As for everyone else, unless you have been shot at by the Taliban, shut your mouth, war is hell.
Without excusing the vulgar, distasteful, disgraceful (insert your adjective here) desecration committed by the Marines themselves, West reminds us that civilians can never fully understand the magnitude of the sacrifices they ask men and women to make on their behalf.

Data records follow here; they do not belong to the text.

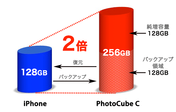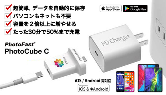 < スマートフォンのバックアップは、PhotoCube Cが解決します >
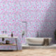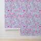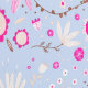 Uniek roze, wit en groen wildbloem botanisch bloemmotief op een bleke poederblauwe achtergrond. Originele kunst van Nic Squirrell.
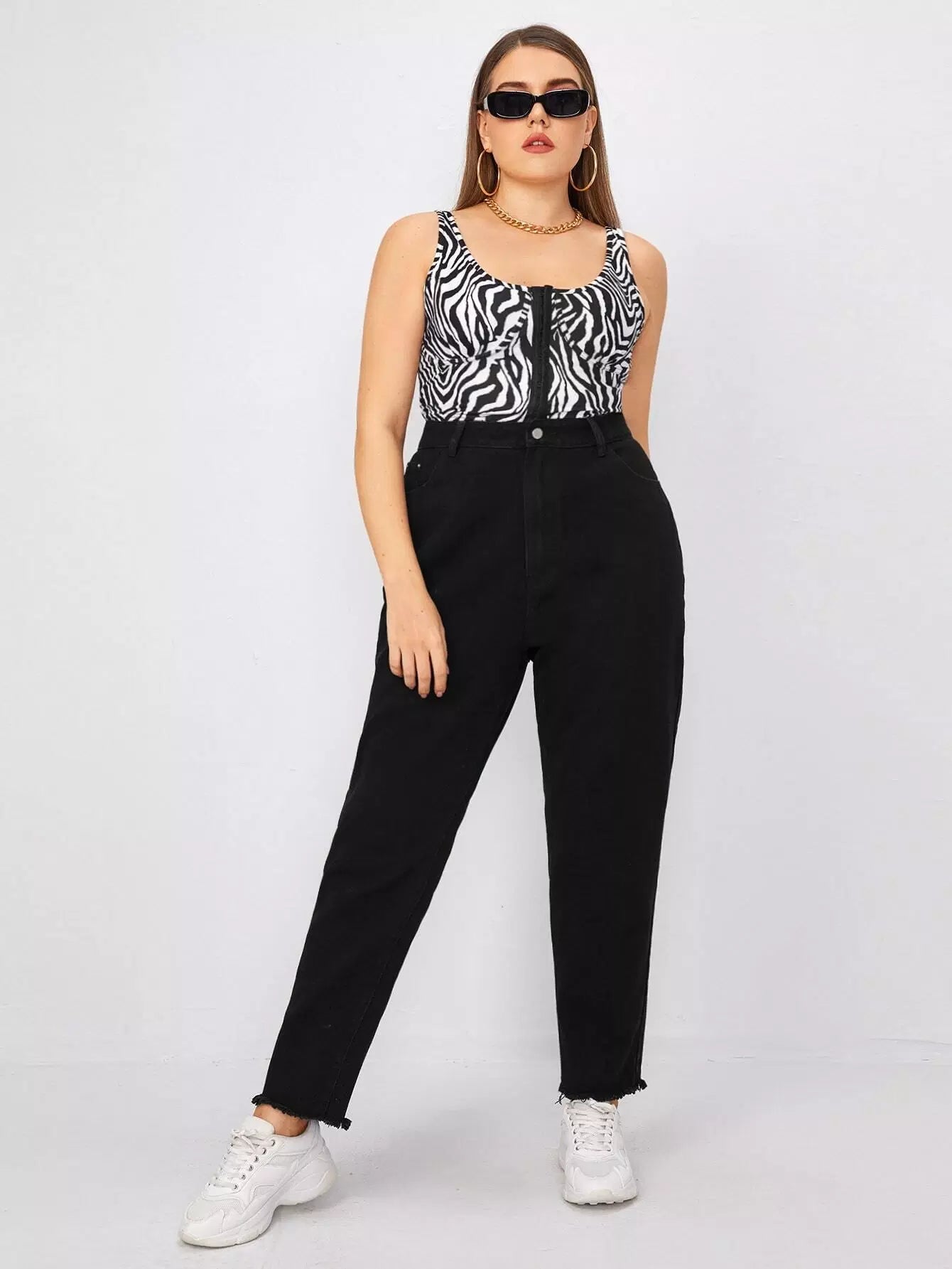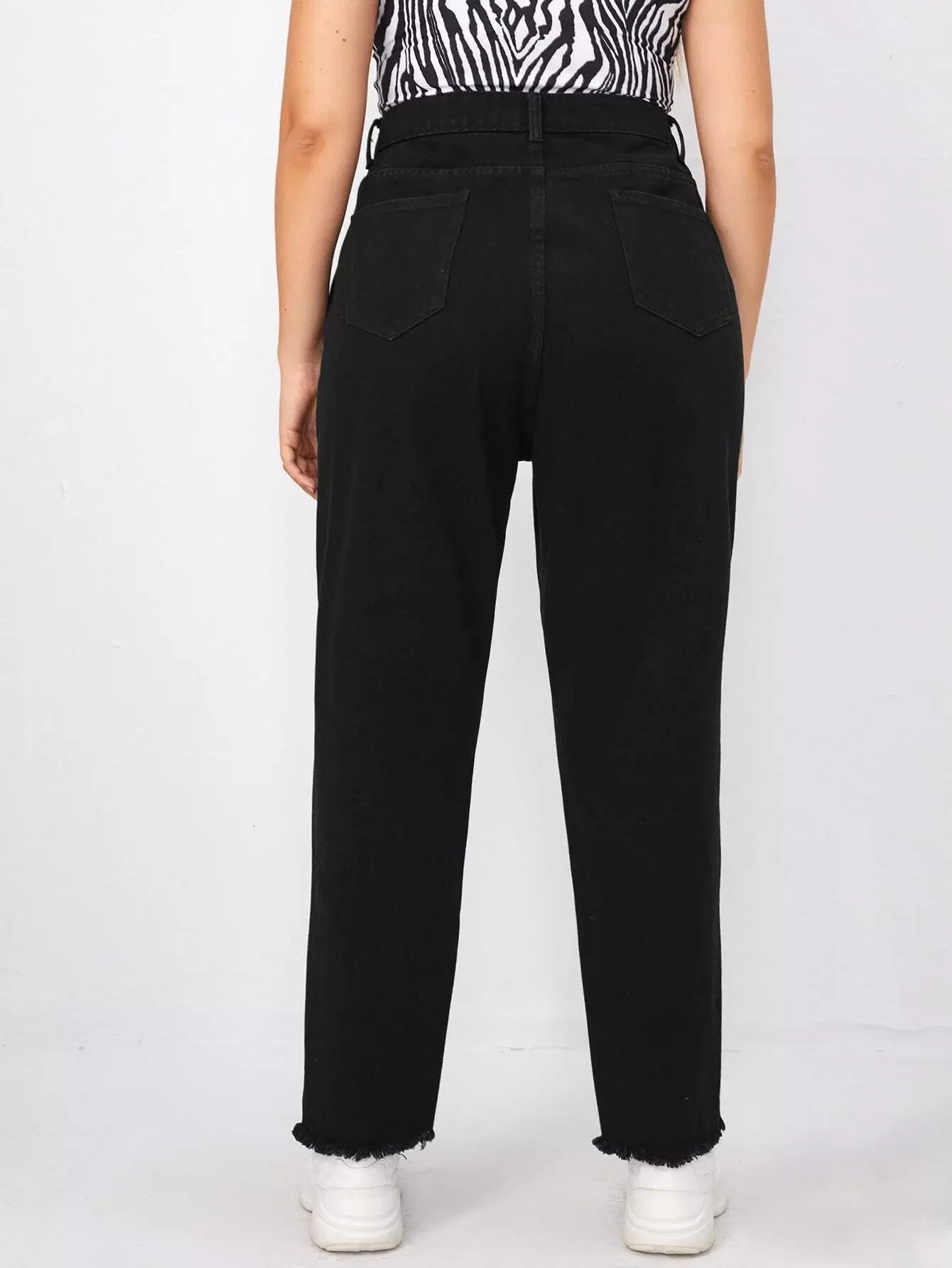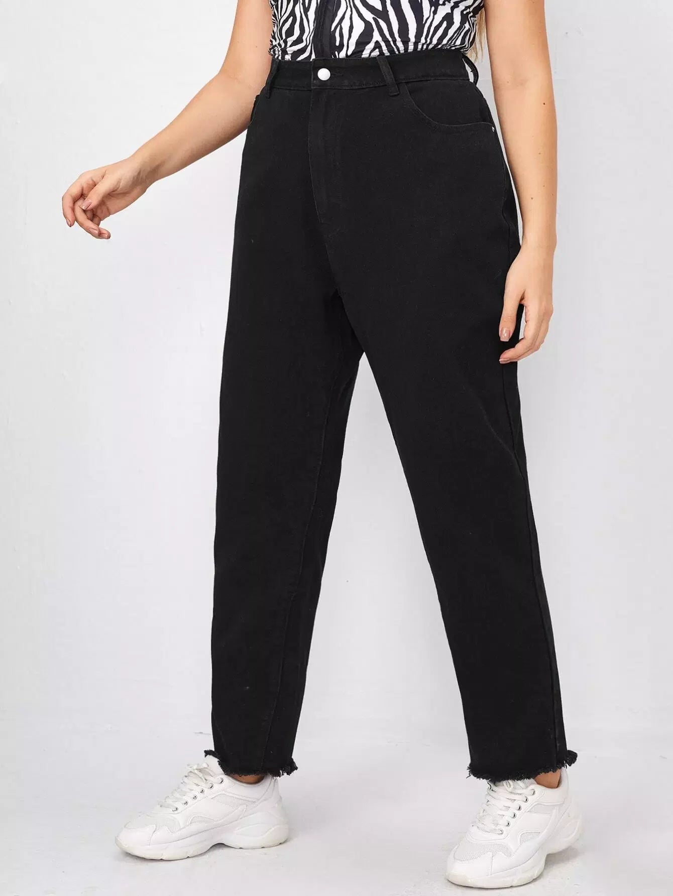 Plus High Waist Raw Hem Mom Jeans
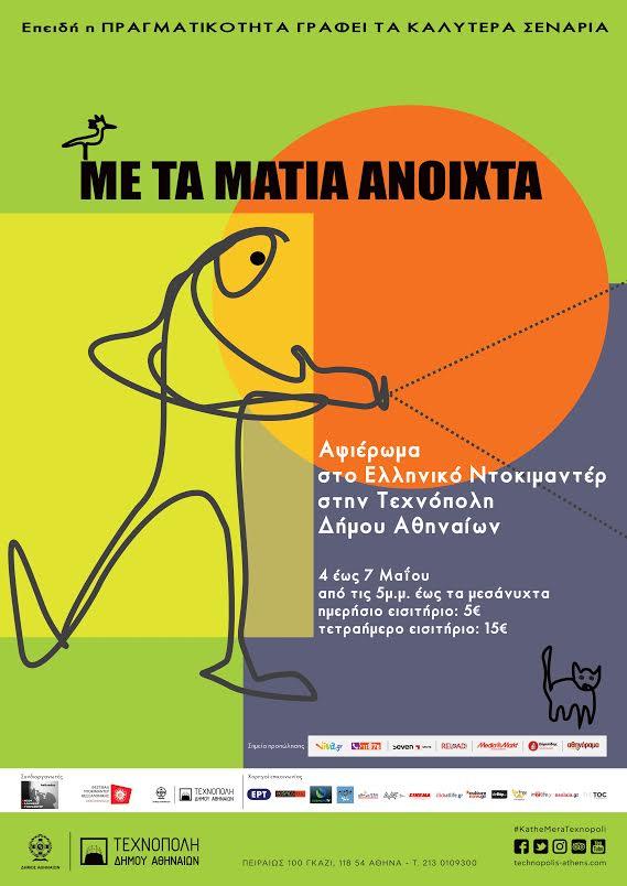 «Με τα μάτια ανοιχτά» λέγεται η μεγάλη γιορτή για το ντοκιμαντέρ που φιλοξενείται στην Τεχνόπολη, με 25 προβολές, 16 ελληνικά ντοκιμαντέρ και πολλές εκπλήξεις.
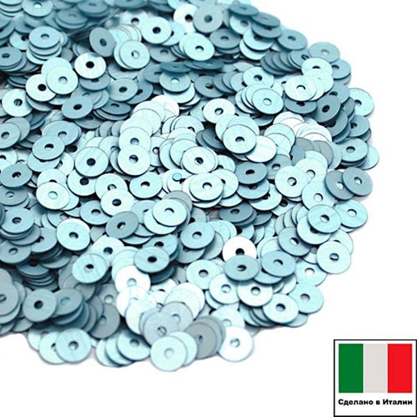 Пайетки 4 мм Италия плоские цвет 606W Azzurro Satinato (матовый голубой) 3 грамма (ок. 900 штук)

Words of support for the troops are needed now as always, but they’re hardly forthcoming. The Republican presidential candidates, for example, have made no statements of support for the predominantly well-behaved troops as a buttress against the effects on public opinion of the administration’s eager denouncement of the few. William Kristol highlights their silence:
Give me a break. More importantly, give our troops a break. Yes, the Marines who appear to have done what they did should be reprimanded or punished, as they would have been in the normal course of things once their deed came to light. I will even grant that some higher-ups might have felt it prudent to deplore what happened, based on realpolitik considerations of depriving our enemies of excuses to whip up sentiment against us in the region (though I’m doubtful the effort to do this isn’t more counterproductive than not). But the administration’s reaction is over the top. And it smells of cheap self-righteousness and moral posturing from an administration that, to be honest, hasn’t devoted a whole lot of time to thanking our troops for what they’ve been doing in very difficult and dangerous circumstances.

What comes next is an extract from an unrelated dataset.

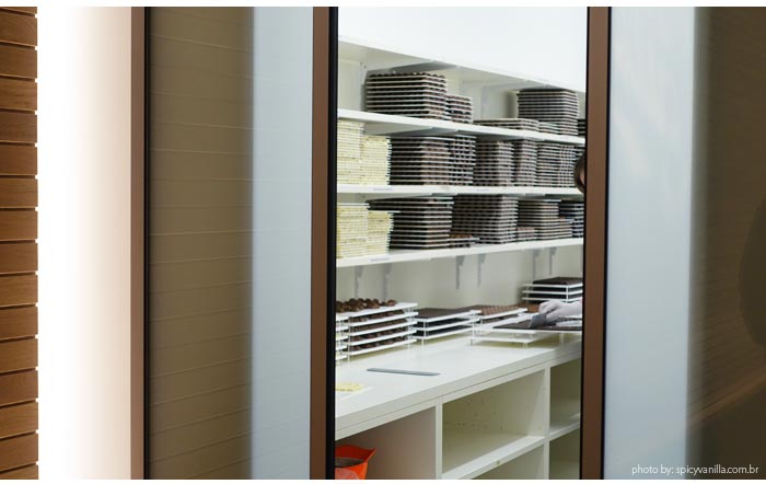 Nesta área conseguimos ver uma das máquinas com robôs embalando os chocolates em miniatura e pegá-los direto da fonte.
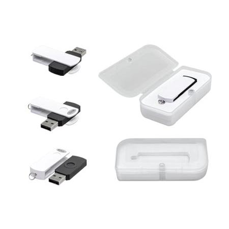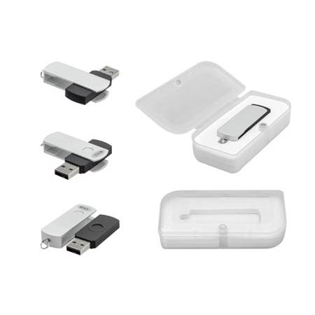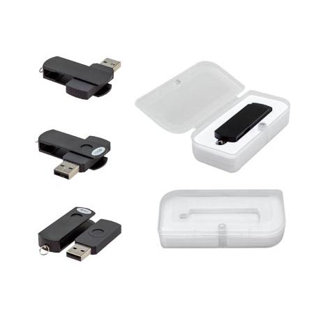 USB Pen Drive con carcaza metálica de giro en color metalizado y cuerpo de silicona negro, de 32 GB de capacidad. Incluye pequeña argolla metálica para colgar. Presentación en caja de PVC traslúcido.

Maybe it was too much to expect senior officials to make the common sense points that 1) this incident is not something to get hysterical about, and 2) it needs to be put in the context of the admirable behavior of 99 percent of our troops 99 percent of the time. But aren’t there Republicans around who might want to make this point? I gather, for example, that there are several people running for the Republican presidential nomination. Maybe one of them could say a good word about our troops?

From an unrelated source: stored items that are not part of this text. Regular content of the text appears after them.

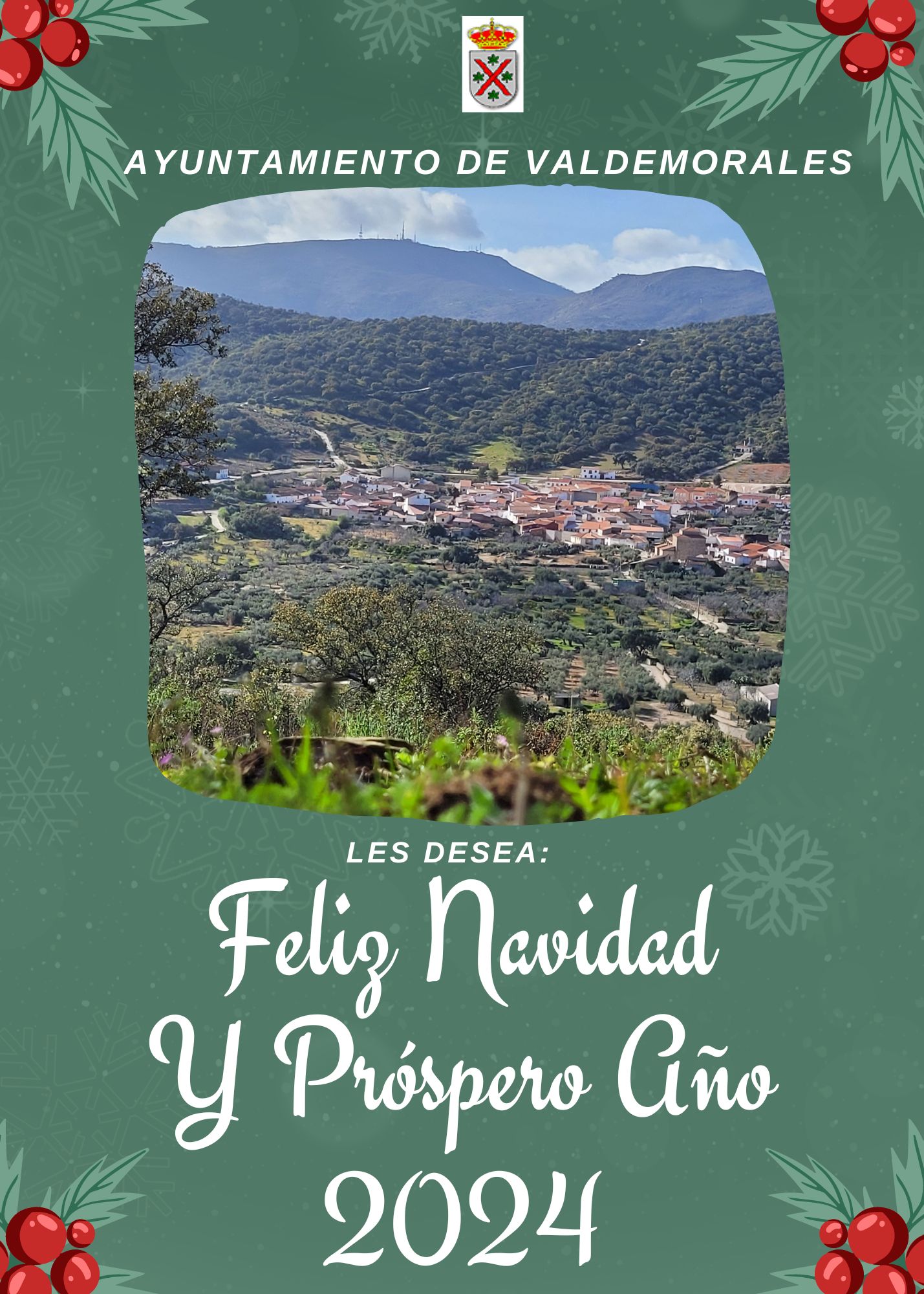 En nombre de la Corporación Municipal del Ayuntamiento de Valdemorales les desean, a tod@s los vecin@s de la localidad y paisanos distribuíd@s por las distintos pueblos, ciudades y Comunidades Autónomas, que pasen una Feliz Navidad y Próspero Año Nuevo 2024.
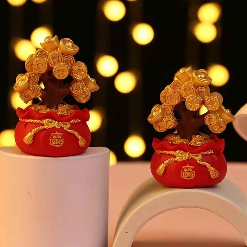 1pc Resin Wealth Tree Ornaments (2.68"×2.17"1.97"); Treasure Basin; Home Decorations; Holiday Gifts
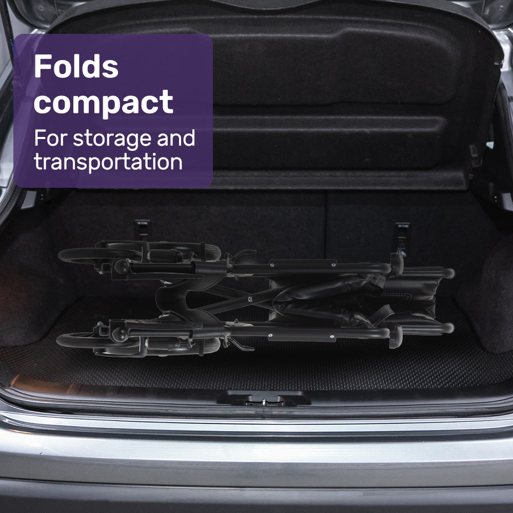 Thick 12-inch rear wheels ensure a smooth ride over bumps on a range of surfaces. Not only that, they also offer the practicality of not requiring to be refilled with air and will never experience a puncture! With a swift 2-second folding action, caregivers can easily transport this wheelchair wherever it's needed.

Those who do dare to speak up are promptly attacked for it. Big Journalism’s Dana Loesch describes the backlash she’s received for a few statements she made on her radio program yesterday to the effect that the reaction to the incident has been overblown:
This is nothing but an exercise in situational, exploitative outrage, and it completely proved the point I was making. The phrases “defile” and “desecration” popped up in my replies on Twitter every minute or so. If “desecration” is a concern for progressives, where was their outrage when the remains of over 200 Air Force members were dumped in a landfill? I’ve seen more outrage towards our troops over this incident than I have ever seen towards the Taliban themselves who’ve beheaded soldiers (American and Afghan), raped and tortured women, sent out suicide bombers, and carried out horrific attacks.
The disproportionate anger on the part of progressives is fueled by their dislike of our military. That[‘s] what this proves. The left is attacking me so they can give the Obama administration a pass–unlike what they did with Bush and Abu Ghraib. Like it or not, I’ll stand up for our troops no matter which president is in charge.
The situation has never called for histrionics, but it has always called for a sober recognition that the reality of war is unfathomable to those who’ve never experienced it, and it is up to us, who remain in comfort while others fight our battles, to sing the praises of those who bear with the unbearable in a brave and noble manner — and to help however we can to restore to those veterans who’ve lost it a deep, abiding conviction in the dignity and worth of the human person.